Of the law’s 133 articles, at least 32 can be used to restrict coverage by stifling free expression, CPJ research shows. Several of the provisions are ambiguous and impose undue restrictions on access to information as well as heavy fines for violations of the law. Journalists are subject to fines of up to 500,000 Algerian dinars (US$6,706) and potential publication closures for defamation and other violations including publishing information on a preliminary criminal investigation and insulting a foreign head of state or diplomat, CPJ research shows. Under the 1990 law, journalists were punished with up to 10 years’ imprisonment for insulting or defaming the state.

Local journalists told CPJ that although the new law was a step in the right direction, it offered only cosmetic changes.

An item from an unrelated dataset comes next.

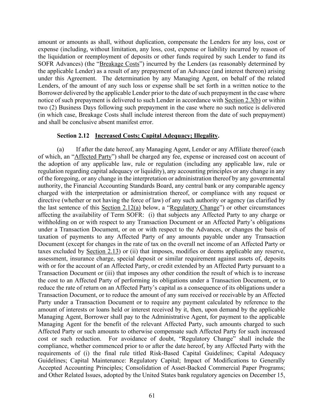 61 amount or amounts as shall, without duplication, compensate the Lenders for any loss, cost or expense (including, without limitation, any loss, cost, expense or liability incurred by reason of the liquidation or reemployment of deposits or other funds required by such Lender to fund its SOFR Advances) (the “Breakage Costs”) incurred by the Lenders (as reasonably determined by the applicable Lender) as a result of any prepayment of an Advance (and interest thereon) arising under this Agreement. The determination by any Managing Agent, on behalf of the related Lenders, of the amount of any such loss or expense shall be set forth in a written notice to the Borrower delivered by the applicable Lender prior to the date of such prepayment in the case where notice of such prepayment is delivered to such Lender in accordance with Section 2.3(b) or within two (2) Business Days following such prepayment in the case where no such notice is delivered (in which case, Breakage Costs shall include interest thereon from the date of such prepayment) and shall be conclusive absent manifest error. Section 2.12 Increased Costs; Capital Adequacy; Illegality. (a) If after the date hereof, any Managing Agent, Lender or any Affiliate thereof (each of which, an “Affected Party”) shall be charged any fee, expense or increased cost on account of the adoption of any applicable law, rule or regulation (including any applicable law, rule or regulation regarding capital adequacy or liquidity), any accounting principles or any change in any of the foregoing, or any change in the interpretation or administration thereof by any governmental authority, the Financial Accounting Standards Board, any central bank or any comparable agency charged with the interpretation or administration thereof, or compliance with any request or directive (whether or not having the force of law) of any such authority or agency (as clarified by the last sentence of this Section 2.12(a) below, a “Regulatory Change”) or other circumstances affecting the availability of Term SOFR: (i) that subjects any Affected Party to any charge or withholding on or with respect to any Transaction Document or an Affected Party’s obligations under a Transaction Document, or on or with respect to the Advances, or changes the basis of taxation of payments to any Affected Party of any amounts payable under any Transaction Document (except for changes in the rate of tax on the overall net income of an Affected Party or taxes excluded by Section 2.13) or (ii) that imposes, modifies or deems applicable any reserve, assessment, insurance charge, special deposit or similar requirement against assets of, deposits with or for the account of an Affected Party, or credit extended by an Affected Party pursuant to a Transaction Document or (iii) that imposes any other condition the result of which is to increase the cost to an Affected Party of performing its obligations under a Transaction Document, or to reduce the rate of return on an Affected Party’s capital as a consequence of its obligations under a Transaction Document, or to reduce the amount of any sum received or receivable by an Affected Party under a Transaction Document or to require any payment calculated by reference to the amount of interests or loans held or interest received by it, then, upon demand by the applicable Managing Agent, Borrower shall pay to the Administrative Agent, for payment to the applicable Managing Agent for the benefit of the relevant Affected Party, such amounts charged to such Affected Party or such amounts to otherwise compensate such Affected Party for such increased cost or such reduction. For avoidance of doubt, “Regulatory Change” shall include the compliance, whether commenced prior to or after the date hereof, by any Affected Party with the requirements of (i) the final rule titled Risk-Based Capital Guidelines; Capital Adequacy Guidelines; Capital Maintenance: Regulatory Capital; Impact of Modifications to Generally Accepted Accounting Principles; Consolidation of Asset-Backed Commercial Paper Programs; and Other Related Issues, adopted by the United States bank regulatory agencies on December 15,

Kamel Amarni, the secretary general of the Algerian National Syndicate of Journalists, said that even though the law contained some “positive clauses … it is overall quite restrictive and does not advance press freedom in Algeria but restricts it.”

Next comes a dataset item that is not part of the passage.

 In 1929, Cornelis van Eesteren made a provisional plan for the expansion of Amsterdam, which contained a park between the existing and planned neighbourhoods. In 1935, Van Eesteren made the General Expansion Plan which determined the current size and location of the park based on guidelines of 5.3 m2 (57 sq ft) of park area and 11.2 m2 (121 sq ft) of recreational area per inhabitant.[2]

“The government has not honored its pledge to introduce a press law that would expand the margin for expression and liberalize the media landscape,” said Mohamed Abdel Dayem, CPJ’s Middle East and North Africa program coordinator. “The new media law should be revised by the government, and the restrictive clauses should be amended to guarantee press freedom.”

The ambiguity created by vaguely defined terms under the new law can subject journalists and bloggers to unnecessary restrictions. “Media” is defined as any publication, broadcast, opinion letter, or idea expressed by any written, audio-visual, or electronic means, CPJ research shows. The law also says that media personnel can operate freely but must respect the “Islamic faith and all religions,” “national identity and cultural values of society,” “national sovereignty and unity,” “requirements of state security and defense,” “requirements of public order,” and “economic interests,” among other broadly defined terms.

The new law also places undue restrictions on media ownership and management, stating that any director of a periodical publication must have at least 10 years of media experience in periodical publications, which was not required under the country’s 1990 law. In addition, the new law still considers off-limits the vaguely defined areas included in the old law, among them “news [negatively] affecting foreign policy and economic interests” and “investigative and judicial secrets,” CPJ research shows.

Although the new legislation passed with a majority vote in both houses, members of the lower chamber of parliament from the opposition Al-Nahda party walked out in protest, according to news reports. A group of journalists also staged a protest outside parliament on voting day, calling for a reconsideration of the law, Al-Jazeera reported.